I’ve heard a bunch of theories about why Pence is fighting the subpoena. Whoever is more forgiving — and at the same time more cynical — is that he expects to lose, and the public spectacle of not looking like an anti-Trumper chomping at the bit to testify will make him more believable once that he will, perhaps to jurors (that’s the lenient version) and almost certainly to Republican primary voters (there’s the cynical).

While it works brilliantly, it also looks like a man who wants to play it both ways.

Which brings us back to the white-robed crowd at the Gridiron, an audience that included senators, governors, generals, cabinet secretaries and heads of international institutions. It’s a slice of Washington that’s keen to feel bipartisan, with balanced displays of Democratic and Republican gags, topped with retro homages to things we have in common (color presentation by a military band; toast to the president).

What it did not include, this year, was any incumbent GOP member of the House or Senate.

The only incumbent GOP elected official was last year’s Republican president, New Hampshire Gov. Chris Sununu, whose own star turn at the 2022 dinner party involved a much more comedic skewer of Trump — and who has also benefited from the willingness of the establishment to accommodate a conservative who will join in traditional pastimes and sometimes strike right.

We have entered a time in our country where the political logic within one of our two political parties is to steer clear of officially non-partisan legacy institutions, from media to culture. Top GOP politicians like Ron DeSantis limit their media appearances to conservative outlets, even canceling Sunday shows that were once derided as milquetoast. The incentive structure of Republican politics encourages candidates to dissociate American institutions from Disney to the NFL for allegedly being caught by the wokes. A night out with Washington elites dressed as 1920s butlers isn’t exactly a surefire political winner. (Fortunately, this takes place off-camera.)

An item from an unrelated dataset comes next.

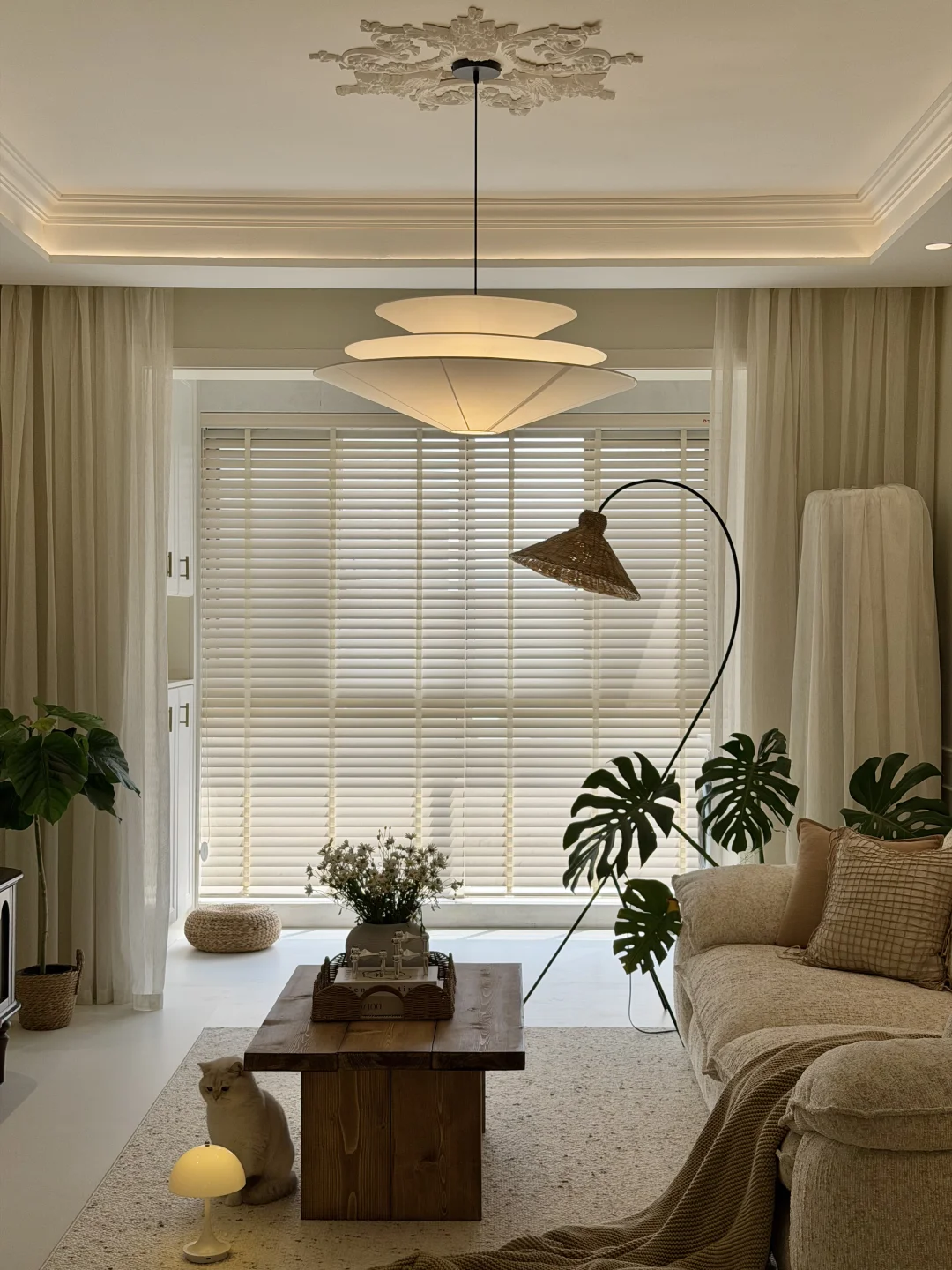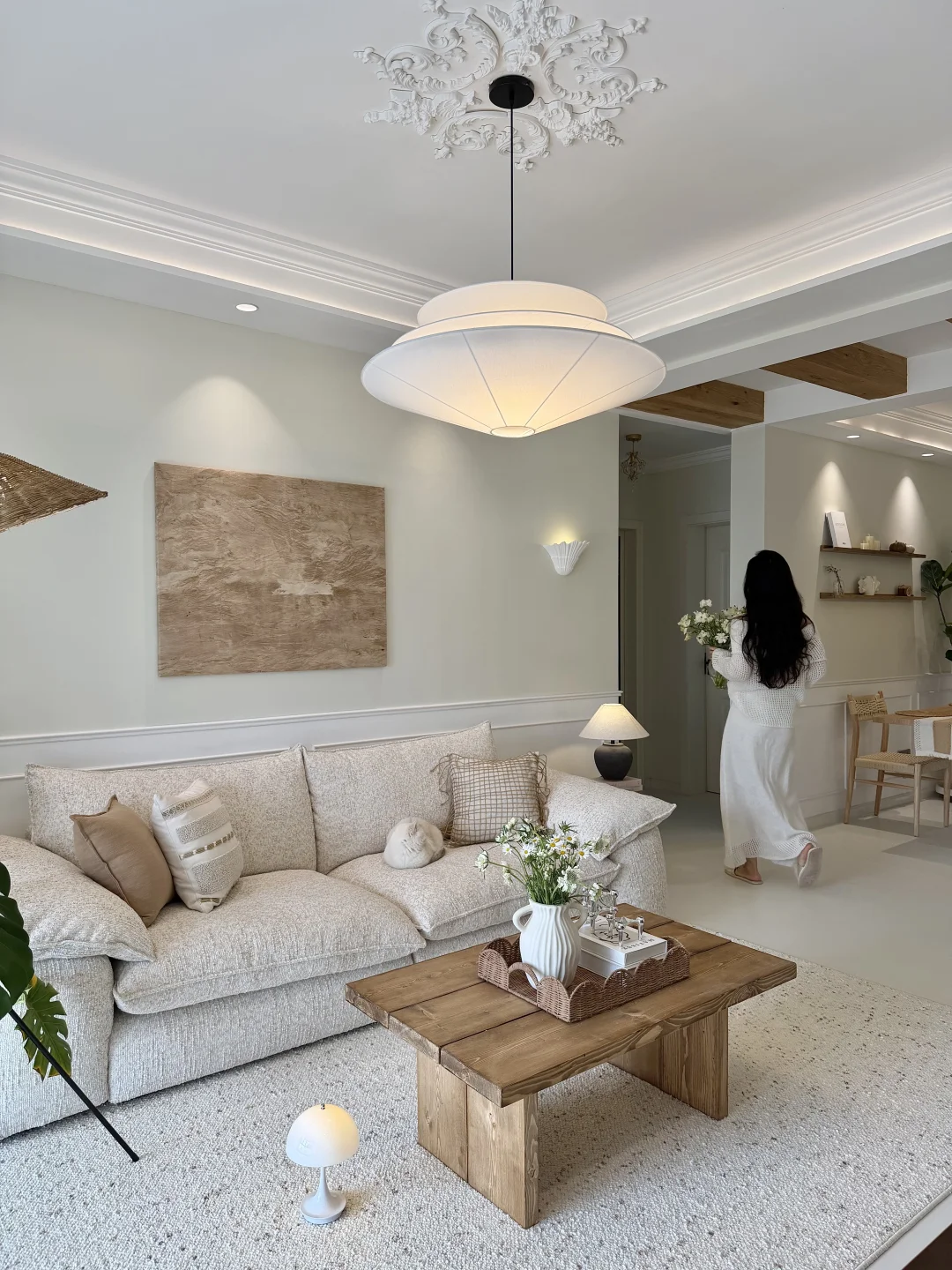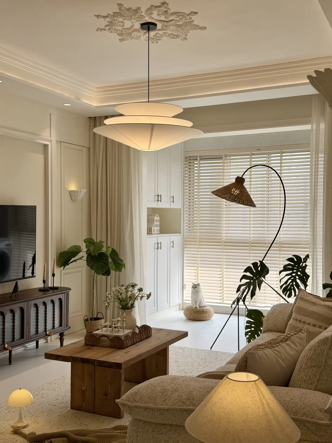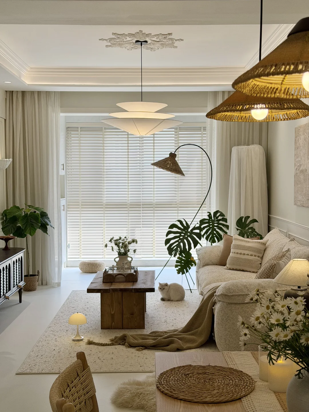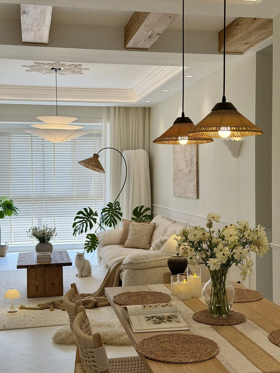 建面98,套内75平,自己设计的法式自然风小家~ 没有复杂的装修,只有原木与奶白的温柔碰撞 下班回家推开门,暖光、花香、软乎乎的小猫 所有疲惫都瞬间消散~ 住进去的每一天,都在被温柔治愈✨

We’ll know soon enough whether this separation will matter when it comes to a general election where you have to win votes from people outside the conservative culture. Once exposed to mainstream platforms, could a GOP candidate present himself as a boxer who hasn’t had enough advanced fight training?

But I think we’re already seeing the impact among people who exist in mainstream institutions who rely on being seen as bipartisan. We too lack practice, easily seduced by a minimum of bonhomie.

It’s pretty clear, by the way, that Pence’s team knew that too. Advisor Pence Marc Short told my colleague Adam Wren this weekend that they believed appearance would improve the disposition of a political elite who had already struck off the former vice president. “It was a different audience for him,” Short said.

Of course, there’s always a bar for humor, says Parvin, a 40-year veteran of Gridiron routines: “You live or die by the joke.”

“Pence received a standing ovation, which tells me that people want to feel better about each other and get life back to normal,” he told me this week via email. “Humor can help do that.”